Small crystalline diamonds 2 do not have a perfect spherical shape, but an irregular shape with various sizes, which constantly deviates from the sphere, so that during rolling these small crystalline diamonds 2 do not have contact with the surface 5 of diamond 1 or with the mechanical part 3 .

The movement of the mechanical part 3 transfers the speed to the small crystalline diamonds 2, as a result of which they will hit the surface 5 of the diamond 1 during rolling, and / or also the protruding parts of the small crystalline diamonds 2 will be embedded in the surface 5 of the diamond 1 using the mechanical part 3. Thus In the way, microcracks are created in the surface 5 of diamond 1. Since small crystalline diamonds 2 do not have a perfect spherical shape, during rolling they will be pressed into the surface 5 of diamond 1 using a mechanical part 3, as a result of which microcracks, or cracks 6 are created in surface 5.

As an example, Fig. 6 shows a thousandfold increase in the pre-treated surface 5 of diamond 1, which was then treated with small crystalline diamonds 2 with a low mass concentration (less than 1% (g / 100 ml)). On this surface 5, microcracks 6 that were produced by rolling small crystalline diamonds 2 can be clearly seen. These cracks 6 generally extend in the direction of motion B between the diamond 1 to be processed and the mechanical part 3. In addition, cracks are also created in other directions. Detailed microcrack 6 is presented with an increase of 40,000 times in Fig.7. In the microcrack 6, a broken fragment 2 'is visible of an indented free fine crystalline diamond 2.

Due to the damaged surface 5 with microcracks 6, parts of this surface 5 are broken off, as a result of which a layer of material is removed. By reducing the distance between the diamond 1 and the mechanical part 3 during processing, small crystalline diamonds 2 will always be pressed into the contact zone, so that the material of the surface 5 of diamond 1 can be removed layer by layer. The filmed material, in turn, can be used as a new portion of small crystalline diamonds 2.

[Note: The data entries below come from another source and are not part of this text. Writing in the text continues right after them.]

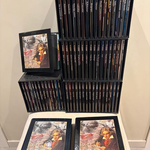Samling med klassisk musikk på CD fra ulike komponister, dirigenter og orkestre. Bildene viser blant annet utgivelser fra selskaper som Deutsche Grammophon, Decca, Erato og andre. Inneholder både enkelt-CD-er og boksett med opera og orkesterverk. Passer for deg som ønsker et utvalg innspillinger av klassisk musikk samlet på fysiske CD-plater. (73 enkle CD'er i "Compact Disc Case")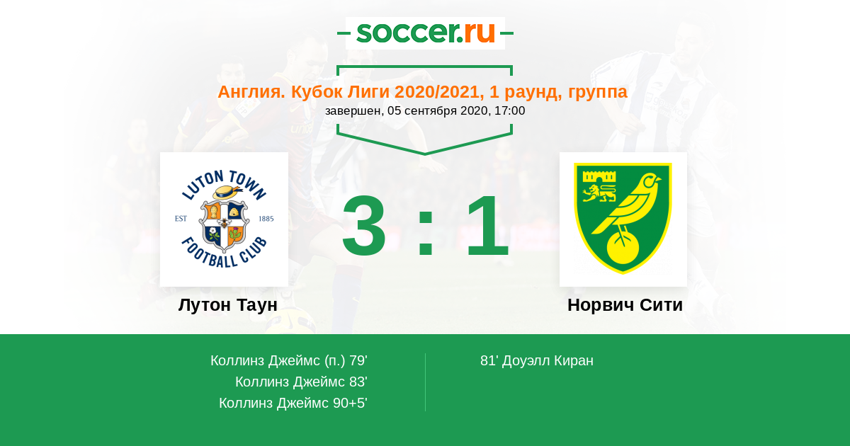 Протокол матча Лутон Таун против Норвич Сити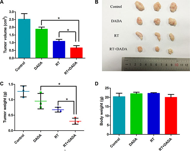 Mice bearing Eca-109 cell xenograft tumors were utilized to determine the radiosensitizing activity of DADA in vivo. As shown in Figure 3A and 3B, both the single DADA and radiotherapy treatments alone reduced the tumor volume growth compared to the control group. Notably, the combination of DADA and radiotherapy produced more tumor volume regression (P < 0.05) versus either radiotherapy or DADA treatment alone. As expected, the tumor weight was smaller in the combination group compared with either single treatment group (Figure 3C). Body weight was not significantly different in each group (Figure 3D). The results demonstrated that DADA could suppress the growth of xenograft tumors in vivo when combined with radiotherapy.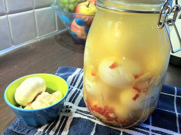 In de pan van het vlees bak je 1 van de versnipperde uien. |

Fig. 8 represents a 40,000-fold increase in the surface 5 of diamond 1, which was processed with a high concentration of free small crystalline diamonds 2. This surface 5 has traces of removed diamond fragments as a result of the large number of cracks 6 produced by rolling small crystalline diamonds 2.

In contrast to bound small crystalline diamonds, as in the case of, for example, a grinding wheel coated with diamonds, unbound small crystalline diamonds 2 do not move along a constant path on the surface 5 of diamond 1, but more or less follow the path of the relative motion of the mechanical element with respect to the diamond, as a result of which small cracks 6 will form in the surface 5 in arbitrary places.

A characteristic feature of the use of bonded small crystalline diamonds, such as in traditional diamond grinding, is that they cause the appearance of straight lines and / or grinding recesses in the surface 5 of diamond 1 in accordance with the direction of grinding, as shown in Fig.5. Therefore, the grinding direction is clearly visible. However, in the surface 5 of diamond 1, which was processed according to the method of the invention, as shown in Fig. 8, the grinding direction is no longer clearly visible.

Since instead of straight lines and / or depressions from connected small crystalline diamonds, small cracks 6 form in the method according to the invention, unbound small crystalline diamonds 2, the method no longer depends on the orientation or direction of processing relative to the orientation of the crystal structure.

Thus, it is of particular importance that small crystalline diamonds 2 do not adhere to the mechanical part 3, as in the conventional grinding of diamond or when grinding metal. Small crystalline diamonds 2, which, however, are fixed in the mechanical part 3, will no longer have an active role in processing, since they no longer create contact with the surface 5 of diamond 1. As a result, these bound small crystalline diamonds 2 can no longer process surface 5 of diamond 1.

The rolling of small crystalline diamonds 2 between the mechanical part 3 and the surface 5 of diamond 1 to be processed is influenced by various parameters. These parameters can be defined and optimized depending on the location. Thus, the processing is influenced, for example, by the grain size of small crystalline diamonds 2, the roughness and material of the mechanical part 3, and the speed of the mechanical part 3 relative to diamond 1. For example, the preferred roughness of the mechanical part is smaller than the average diameter of small crystalline diamonds 2. As the surface of the mechanical part 3 is preferably something elastically deformable, including to limit its wear.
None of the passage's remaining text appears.